Keith Parker, former city manager, spoke at a rally held on his behalf outside City Hall last year. (Austin Horn | State Journal)

An attorney for former Frankfort City Manager Keith Parker sent a letter “in the contemplation of potential litigation” to the city in late January, according to materials obtained by The State Journal through an open records request.

Parker was controversially fired in a 3-2 vote “without cause“ last year by the former city commission. Interim City Manager Tom Russell has filled the role since August. A search for the city’s next permanent city manager is underway.

Former Mayor Bill May and former Commissioners John Sower and Eric Whisman voted to fire Parker.

Parker told The State Journal this week that he has not applied for the open city manager position, nor does he intend to. The application portal closes on Sunday.

Parker’s legal counsel is another man named Bill May, of the Lexington-based firm Hurt, Deckard & May. He sent the letter to City Attorney Laura Ross warning the city and former commissioners of potential litigation.

The former city manager himself also said he reached out to Ross to let her know.

“We sent a standard letter asking them to preserve records as there may be future litigation,” Parker said. “I personally reached out to emphasize the pending litigation and suggested we try to work this out. Just ignoring the blatant defamation after the previous commission executed the termination ‘without cause‘ portion of my contract is not an option.”

The letter requested that the city preserve all records relevant to Parker's time as city manager.

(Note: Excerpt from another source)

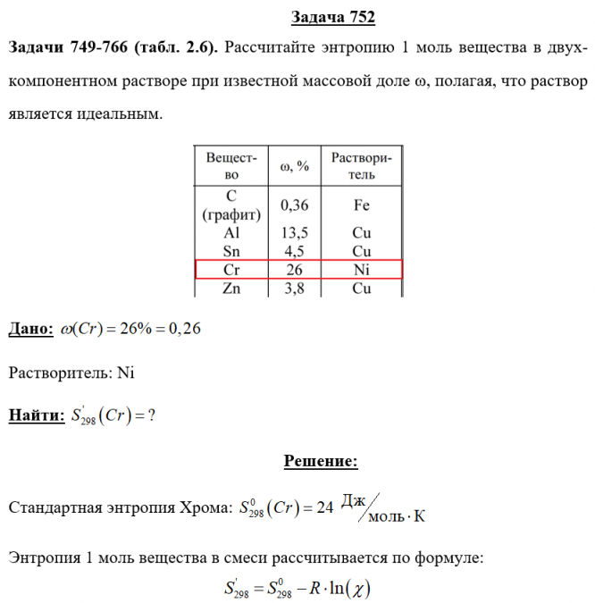 Задачи 749-766 (табл. 2.6). Рассчитайте энтропию 1 моль вещества в двух-компонентном растворе при известной массовой доле ω, полагая, что раствор является идеальным.

“Please do not allow any evidence to be released and/or disposed of or amended in any manner without prior written consent from our firm,” May, the attorney, wrote.

City Clerk Chermie Maxwell responded to May in February that the city had taken immediate action to preserve the following:

  • Parker's city email drive, which includes around 31,000 emails.

  • All city emails referencing Parker in any way since his hire date as city manager in 2019, totaling approximately 200,000.
  • 11 open records request response packets related to Parker.

  • Personnel files related to Parker.

  • All responsive records kept on city-issued cellphones.

  • All other hard-copy documents related to Parker.

Maxwell said that one commissioner had not turned in his city-issued phone as of Tuesday afternoon.

Whisman said Tuesday that he was not aware of the letter and that he was working with city IT Director Bobby Ripy to get his phone turned in. Whisman said he did not often use the phone.

No former commissioners offered comment on the potential litigation, nor did former Mayor May.

In explaining alleged "defamation" on the part of some former commission members, Parker pointed to former Mayor May hinting at the commission having "reasons" for firing Parker despite doing so "without cause."

May has not publicly given any reason for Parker's firing, but he did comment on a highly publicized staff complaint filed just a week before Parker's dismissal, saying that it "speaks for itself."

Some former commissioners and May have defended the "without cause" designation as a technical protection for Parker, who got a severance package that included $70,000 in pay, as he looks for future employment.

"I am applying for jobs and the public remarks made by the previous commission are things that will affect my future employment," Parker said.

He also mentioned comments that Whisman made, and later backtracked on, regarding Parker moving funds as city manager without the commission's knowledge. Parker did, in fact, alert the commission of his intentions in those situations.

Parker also mentioned comments by John Sower, who spent a majority of his closing comments as commissioner explaining Parker's situation from the commission's perspective. He ended on a recommendation to future commissions that if Parker or anyone else were to apply in the future "they should first investigate them thoroughly."